Debiti di Roma? Si paga alla romana

Camera dei deputati - L'audizione del Commissario straordinario per il Piano di rientro di Roma, lo scorso 10 maggio.
Camera dei deputati - L'audizione del Commissario straordinario per il Piano di rientro di Roma, lo scorso 10 maggio.

Il mostruoso debito romano continuerà a pagarlo l'intero Paese. Tutti i contribuenti italiani. Quelli di oggi e quelli di domani almeno fino al 2048. Anzi, come vedremo, li pagano anche gli stranieri. La Capitale non può fallire – è il dogma che dal 2008 fa lanciare il salvagente dai piani alti del potere al Campidoglio. Dopo i vari decreti salva-Roma, concepiti e messi in campo dalla “casta” contro la quale i grilli in salsa leghista dicevano di voler combattere, è arrivato il travagliato decreto cosiddetto crescita (si stima +0,1% del Pil… ) con un trattameno ad hoc per “Roma Ladrona”. «Una nuova legge, ma la sostanza non cambia: è come il gioco delle tra carte e alla fine è sempre lo Stato che paga», spiega l'avvocato Rocco Todero, che ha recentamente divulgato un dossier sul caso Roma. “Tutti per uno: la socializzazione delle perdite di Roma Capitale”, questo l'eloquente titolo della pubblicazione diffusa con l'Istituto Bruno Leoni. Approvato in via definitiva dal Senato il 27 giugno, con qualche novità e supercazzola legislativa aggiuntiva, il provvedimento prosegue la tradizione. Lo Stato si accolla buona parte del buco di bilancio. A luglio 2010 la massa passiva era 22 miliardi 453 milioni e 675mila euro e spicci, di cui quasi 5 miliardi e mezzo da accertare. Quindi 16 miliardi e 753 milioni di debiti sicuri. Una voragine in cui ci sono persino debiti riferibili a circa 2.000 pratiche di esproprio relative al periodo 1950 – 1990… A maggio scorso, il Commissario per il piano di rientro ha indicato alla Camera poco meno di 11,9 miliardi, di cui 3 miliardi e quasi 339mila euro “da accertare”. Il grosso riguarda prestiti: oltre 7,8 miliardi, di cui 3 e mezzo per interessi!

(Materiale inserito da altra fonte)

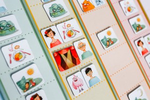 - Glisser les magnets de son choix directement sur la maquette du calendrier. Les magnets sont classés par catégorie : l’école, le déjeuner, les modes de garde, les dodos, les proches, les loisirs, les événements spéciaux (anniversaire, train, avion…), les émotions, les saisons et la météo, les lieux de culte…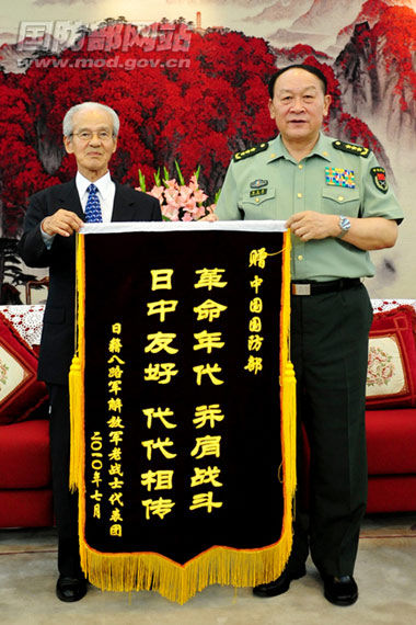 资料图:2010年7月29日,国务委员兼国防部长梁光烈上将在八一大楼接受来访的日本籍老战士代表团赠送的锦旗。李晓伟 摄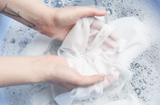 Naudokite drungną vandenį ir nedidelį kiekį švelnaus ploviklio. Švelniai perplaukite, nenaudokite gręžimo ir nedelskite su skalavimu, kad nepažeistumėte pluošto.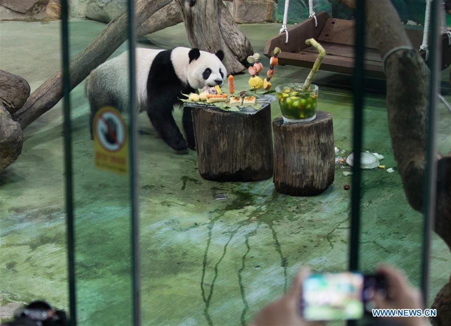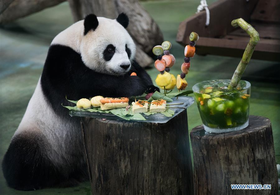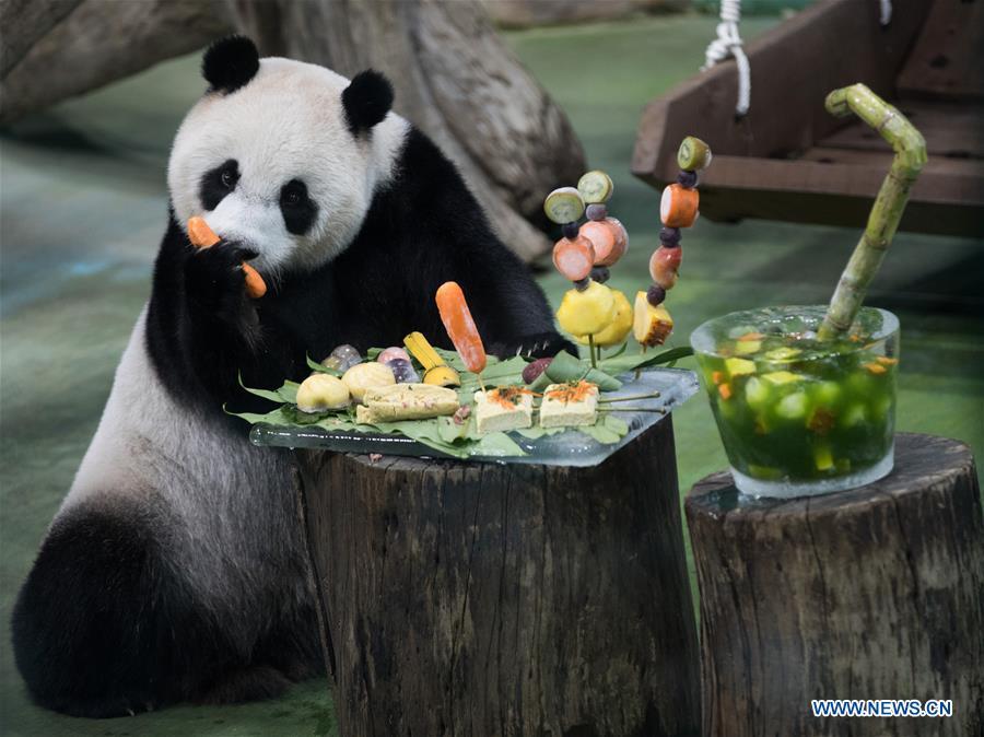 Giant panda Yuan Zai enjoys its special birthday cake at the Taipei Zoo in Taipei, southeast China's Taiwan, July 6, 2020. Yuan Zai, the female cub of giant panda Tuan Tuan and Yuan Yuan as goodwill gifts to Taiwan by the Chinese mainland, celebrated its seventh birthday in Taipei on Monday. (Xinhua/Jin Liwang)
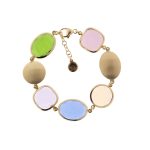 Bracciale con paste vitree di varie forme e vari colori in argento 925‰ placcato oro giallo 23kt.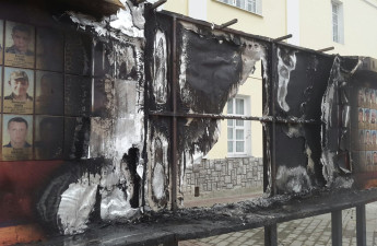 У Луцьку згорів стенд Героїв Небесної Сотні. ОНОВЛЕНО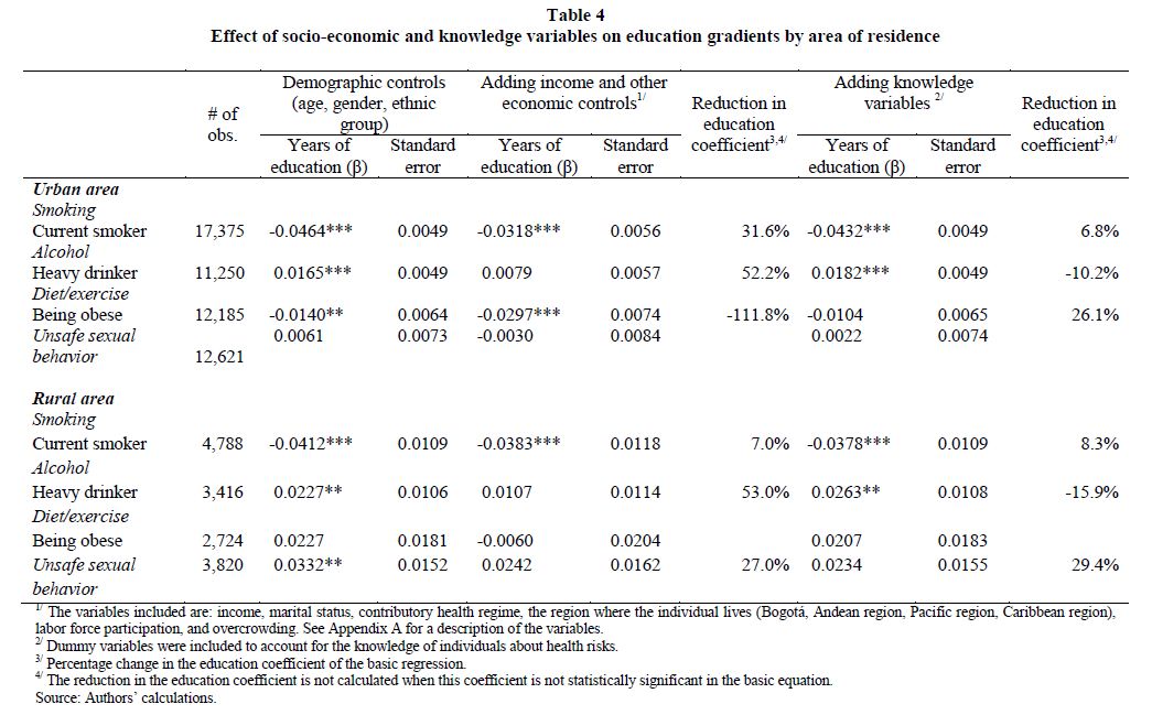 | dc.description.abstract | This paper uses the Colombian National Health Survey to analyze the relationship between education and risky health behaviors, namely smoking, heavy drinking, being obese, and unsafe sexual behavior, by estimating the education gradient using Logit models | eng |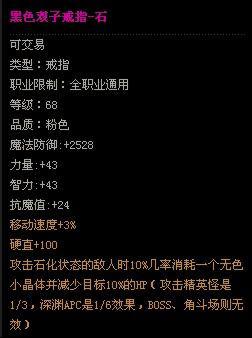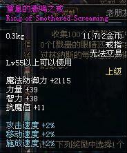 Lv55以上可以使用 魔法防御力+2115 力量+39 智力+38 抗魔值+11 攻击速度+2% 移动速度+2% 施放速度+2% |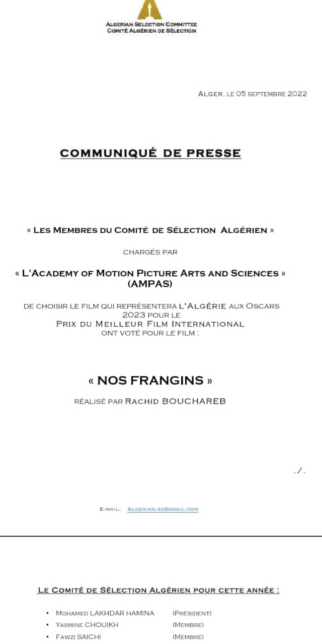“Les membres de Comité de sélection algérien chargés par l’Academy of Motion Picture Arts and Sciences (AMPAS) de choisir le film qui représentera l’Algérie aux Oscars 2023 pour le meilleur film international ont voté pour le film ‘Nos Frangins’ réalisé par Rachid Bouchareb”, a indiqué le comité dans un communiqué.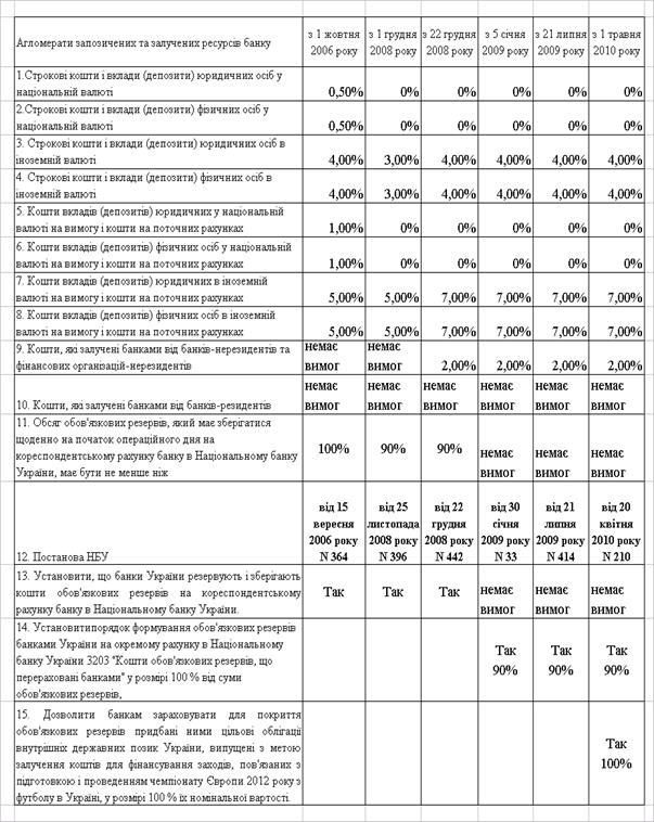 Управління обов’язковими резервами залучених та запозичених ресурсів банків Національним банком України у період кризи 2008 – 2009 рр (нормативи обов’язкового резервування ресурсів)

DOPO LA LUPA ROMANA, LA MUCCA STATALE
«Roma Capitale si sarebbe dovuta avviare verso la dichiarazione di dissesto finanziario già parecchi decenni addietro - affonda l'avvocato Todero - e l'Assemblea capitolina avrebbe dovuto aumentare nella misura massima consentita i tributi comunali, eccetto la tassa sull'immondizia. Se poi la massa attiva, cioè i crediti vantati dal Comune e non ancora riscossi, non fosse bastata a pagare i debiti, il Campidoglio avrebbe potuto farsi concedere un mutuo ventennale dalla Cassa Depositi e Prestiti. Gli interessi li avrebbe pagati lo Stato, ma il capitale avrebbe dovuto restituirlo Roma Capitale». Invece è andata molto diversamente. Hanno creato per Roma una normativa eccezionale. «A differenza di tutti gli altri cittadini residenti nei comuni che sono andati incontro al dissesto finanziario, i romani non hanno subìto ciò, almeno non come conseguenza del dissesto». C'è stato solo lo 0,4% in più sull'addizionale comunale Irpef. La mostruosità del debito accumulato avrebbe forse generato rate impossibili da pagare alla Cassa depositi senza ridurre all'osso i servizi locali. Non lo sapremo mai. «Il legislatore, quindi governo e parlamento – aggiunge l'avv. Todero – senza rendere pubblica alcuna proiezione di bilancio in grado di rappresentare adeguatamente l'assoluta impossibilità d’applicare con beneficio la procedura ordinaria (la dichiarazione di dissesto, ndr), ha deciso dal 2008 in poi di cucire attorno al dissesto di Roma Capitale una disciplina del tutto eccezionale». Una cosa mai vista prima.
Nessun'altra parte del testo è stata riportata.